In the field of Orthopedics, there are still important requirements that should be met, both in the repair and regeneration of bone defects and bone and joint replacement. Remarkable advances in the medical field have been made in the last 50 years. There are various challenges faced by the medical field and different approaches are used to fulfill these challenges. Orthopedic implants are used to replace the missing joint or bone to support to injury bone.
Bone and joint inflammatory and degenerative issues affect many people globally. In fact, in developed nations, they account for half of all chronic diseases in people above 50 years. In addition, it is anticipated that the percentage of individuals over 50 years of age affected by bone diseases will double by 2020. Mostly, these diseases need surgery such as total joint replacement in the case of deterioration of the natural joint.
So, orthopedic implants are used in the human body. These implants contain components that are designed to do some biological functions by replacing or repairing different tissues like bone ligaments, cartilage, and tendons, and even by guiding bone repair if required.
In the twentieth century, the availability of the materials for manufacturing implants was the same as for the other industrial applications. Indeed, the manufacturers designed their implants using the available materials and they had a successful record of industrial use such as in chemical, energy, mechanical and aerospace. Since our bodies are created in a highly corrosive environment, very strict specifications are imposed on the applicant candidate materials’ properties. Mechanical qualities also play an important role in the selection of materials for the manufacturing of implants.

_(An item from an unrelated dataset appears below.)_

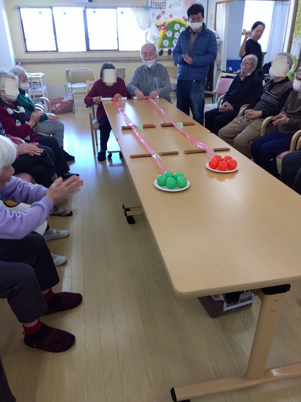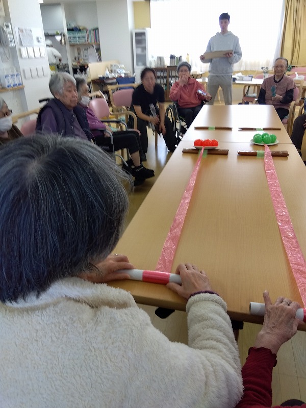 紙皿にのったボールが落ちないように慎重に巻き取っていただきます!!

In the last 6 decades, when biomaterials for orthopaedic applications have been developed, they have moved from materials available for different commercial applications into the development of materials with capabilities to interact with the biological environment and to generate specific biological responses. Most of the problems that orthopaedic surgery has to experience have not basically changed and are practically the same that orthopaedics had to experience 5 decades ago; however, the choice of possible alternatives has been significantly expanded because new materials allow the design of innovative devices. The tissues or body parts could not be regenerated with the materials of the earlier time. One of the major breakthroughs is to alter and control surface properties at the micro/nano level because it reveals a whole new range of strategies seeking the desired interactions with the biological environment. One can easily find an orthopedic distributor in Indonesia for orthopedic implants and instruments.

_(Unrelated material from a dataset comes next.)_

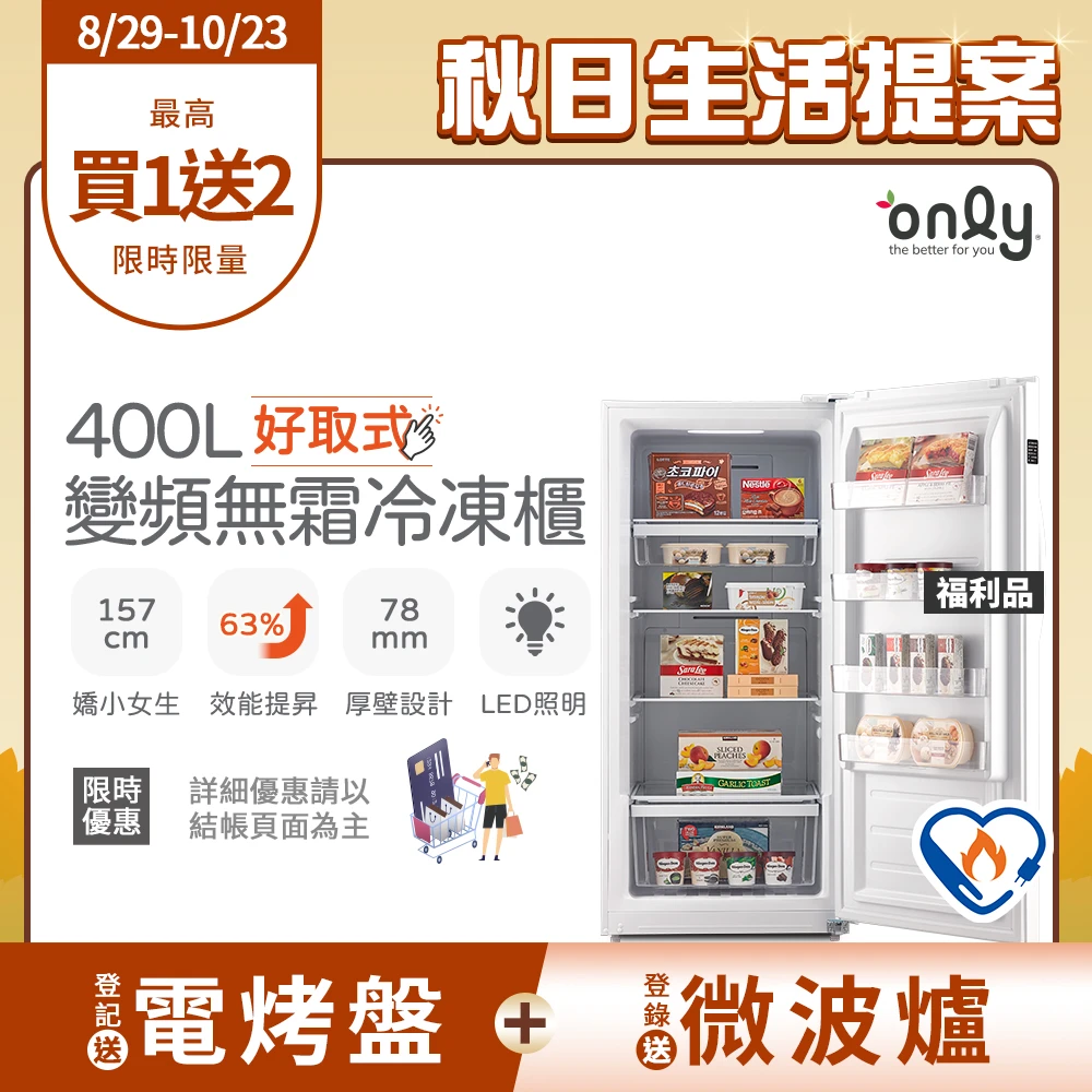 only 熱賣近百台!好取式400L變頻無霜冷凍櫃OU400-M02ZI福利品(節能標章400公升直立式)

In certain circumstances, the regeneration of musculoskeletal tissue can be considered, either after an accident or after an early diagnosis of some pathology or an operation where part of the tissue has been lost or a resection has been made. In such cases, the aim of regenerative medicine will be either to implant a suitable biomaterial that is able to stimulate stem cells present in their niches or to use cellular tissue engineering strategies, where a construct developed inside a bioreactor, consisting of a scaffold, individual’s cells and initial ECM developed by them, is implanted in the individual’s body that recognizes it as its own tissue.